Open Europe Blog

The Foreign and Commonwealth Office has published a previously confidential account of the 1974-75 renegotiation of the UK’s EU membership under Harold Wilson’s Labour Government. That renegotiation largely resulted in only token concessions to Britain – greater imports of New Zealand butter being chief among them. They were however enough to secure an In vote of just over 67% in 1975.

The account, written in 1975 by Nicholas Spreckley, then head of the FCO’s European department, is a hugely interesting read. Some of the similarities to the situation David Cameron finds himself in are striking, although there are major differences in today’s environment, such as a much less deferential media, a greater flow of information, far more actors in the space (including think-tanks), which means the public will be far better placed to assess the success of any negotiations.

Still, the politics described are remarkably similar to those of today. Consider this passage:

“The Germans, the Dutch and the Danes seemed the most sympathetic to British objectives…But as so often, it was the French attitude which was at once the most important and the most critical. In these early weeks the French government took the line that the Treaties and the principles of the Community were inviolable.”

The most important figure was then German Chancellor Helmut Schmidt, who proved willing and keen to be helpful in addressing British concerns. France, however, was hard work and largely unhelpful.

There are also strikingly similar disagreements about the budget, and the UK’s contribution to it, the frustration of UK ministers to fundamentally alter the CAP, and so on.

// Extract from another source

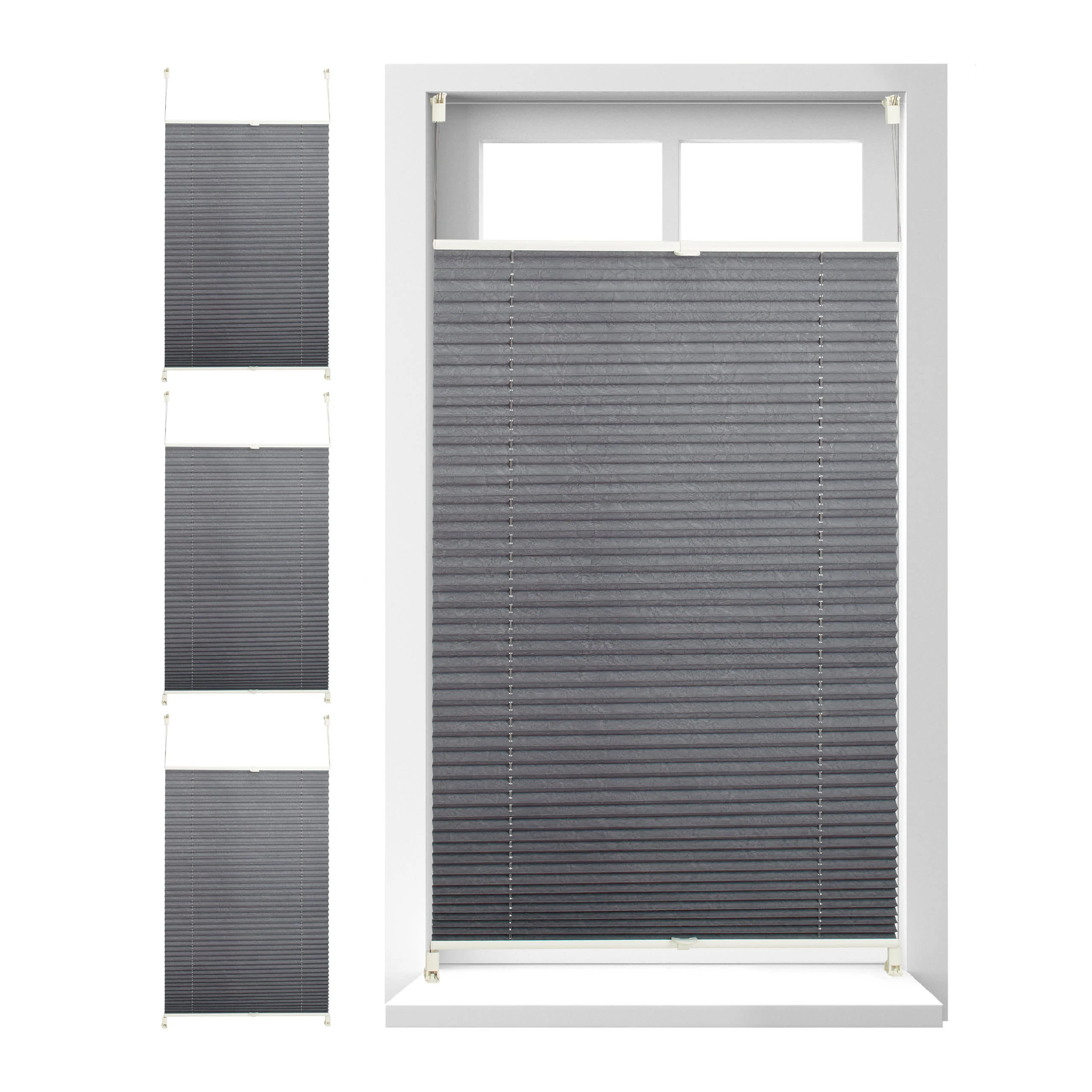 Mit diesen schönen grauen Plissees verhindern Sie neugierige Blicke Ihrer Nachbarn ohne Ihre Zimmer ungemütlich zu verdunkeln. Die Faltstores sind stufenlos einstellbar – schieben Sie sie mit den 2 praktischen Griffen einfach auf die gewünschte Höhe. Die Montage ist kinderleicht und geht schnell von der Hand. Klemmen Sie die Rollos einfach am Fenster fest und fixieren Sie sie mit den mitgelieferten Klebepads.

There are however some clear differences in approach between then and now. The 1970s negotiators were extremely cautious and ruled out treaty changes at an early stage – due to the small of number of such changes, this was seen as a radical option in the UK and among the eight other member states. However, David Cameron is on the record as saying he wants treaty changes as part of his negotiations.

As Sir Stephen Wall writes in his foreword, the “past is a different country”, and with over 40 years of collective memory of the EU – added to the famous British cynicism – Cameron is unlikely to be able to pull off the Wilson trick with the British public this time around.